As the lights dimmed at Madison College’s Truax Campus, playwright Charly Sparks sat in the audience holding back tears.
Her first full-length play premiered and she had one fear she couldn’t quite shake: what if nobody laughs?
“I was afraid that people weren’t going to laugh,” Sparks said during a post-show talkback.
She calls the play a dark comedy and stresses that laughing is part of the point. Her script, “Midwestern Goodbyes,” explores themes of humor and goodbye, which are woven together in her work.
Sparks, a Madison College alum, began writing the play as part of the college’s Honors Program. What started as an academic project grew into a fully staged production. The premiere represented more than a milestone for the script: it marked a return to the place that first gave the project structure, deadlines and an audience willing to take her work seriously.
Writing through change
Sparks said she was invited into the program and asked to write a play. The plan was for something shorter.

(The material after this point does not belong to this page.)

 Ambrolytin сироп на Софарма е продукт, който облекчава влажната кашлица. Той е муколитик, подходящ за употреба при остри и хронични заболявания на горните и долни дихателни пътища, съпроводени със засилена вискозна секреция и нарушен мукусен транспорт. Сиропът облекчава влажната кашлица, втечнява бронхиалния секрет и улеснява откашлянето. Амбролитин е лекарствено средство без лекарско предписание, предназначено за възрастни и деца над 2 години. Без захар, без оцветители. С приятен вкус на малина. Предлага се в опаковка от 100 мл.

“But the idea kind of exploded,” she said.
It also became a long process, beginning with table reads, a staged reading and a workshop production. She collected feedback from actors and theater professionals and offered feedback along the way, helping Sparks refine the story and characters.
That structure shaped not just the writing process, but also her ability to move the project forward. Sparks said the support and feedback she gained in that setting marked a turning point in developing her work, closing one chapter and preparing her for the next.

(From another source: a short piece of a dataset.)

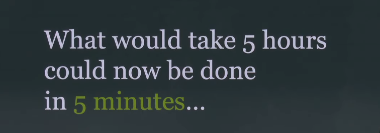 What would take 5 hours could now be done in 5 minutes...

One of the people guiding that process was her mentor, Karen Saari, communication and performing arts instructor, who later directed the Madison College production.

During the talkback, Saari told the audience that new plays develop over time, often changing after multiple productions. She framed the conversation as part of that development, telling the room their questions and reactions could help inform what Sparks chooses to do with the script next.
For Sparks, the connection to the material is deeply personal.
“When I wrote this, I was going through a difficult time. I was dealing with a lot of changes in my life and a lot of loss,” she said. “I needed to process how to say goodbye and how those feelings can be different based on the different relationships I have with people.”
During the talkback, Sparks described another piece of that origin. She wrote the first version shortly after a divorce, thinking about the kind of goodbye that happens when someone’s family, including children you have watched grow up, suddenly disappears from your daily life.
A Wisconsin story on purpose
Even the title came from real life.
Sparks told the audience the phrase “Midwestern goodbyes” existed before the play did. When she told her boyfriend she wanted to write a show about a funeral in Wisconsin, he joked, “Oh, so a Midwestern goodbye.”
She immediately knew it was the title. The Wisconsin setting was intentional.
“I’m from Wisconsin. I was raised here,” Sparks said. Pulaski is her hometown.
Wisconsin’s tone and mannerisms reflect the play’s central theme: the tension and humor found during goodbyes, even in serious moments.
Choosing what not to explain
Sparks’s approach to the story also shows restraint, especially in what she chooses to share.
During the talkback, an audience member asked whether the script says how the main character died. Sparks said it does not.
“It does not say in the script how she died,” Sparks said, explaining that it’s not important to the plot.
Instead, the play focuses on the meaning and process of saying goodbye, and how stories change when the person at the center cannot share their own truth.
“Please laugh”
Before the premiere, Sparks said she wanted audiences to laugh, feel connected and leave reflecting on their own experiences with saying goodbye.
The talkback suggested the comedy landed, sometimes in the uneasy way grief comedy often does. One audience member said they felt guilty laughing because the setting is a funeral.
Spark reassured them.
“I consider it a dark comedy,” she said. “It’s encouraged to laugh. Please laugh.”
Where she is now, what comes next
Sparks has since transferred to the University of Wisconsin-Stevens Point, where she is continuing her studies. She still sees Madison College as an important road in her journey.
“Madison College is my home,” she said. “This is my favorite place to be. I love their program they have here and I’m excited to continue to be a part of it even though I’m not a student anymore.”
In the end, Sparks’ premiere week reflected her journey through change, highlighting goodbyes and new beginnings. The play’s title suggests finality, but the ongoing process — like Sparks’ own path — mirrors the complex, often humorous nature of saying goodbye.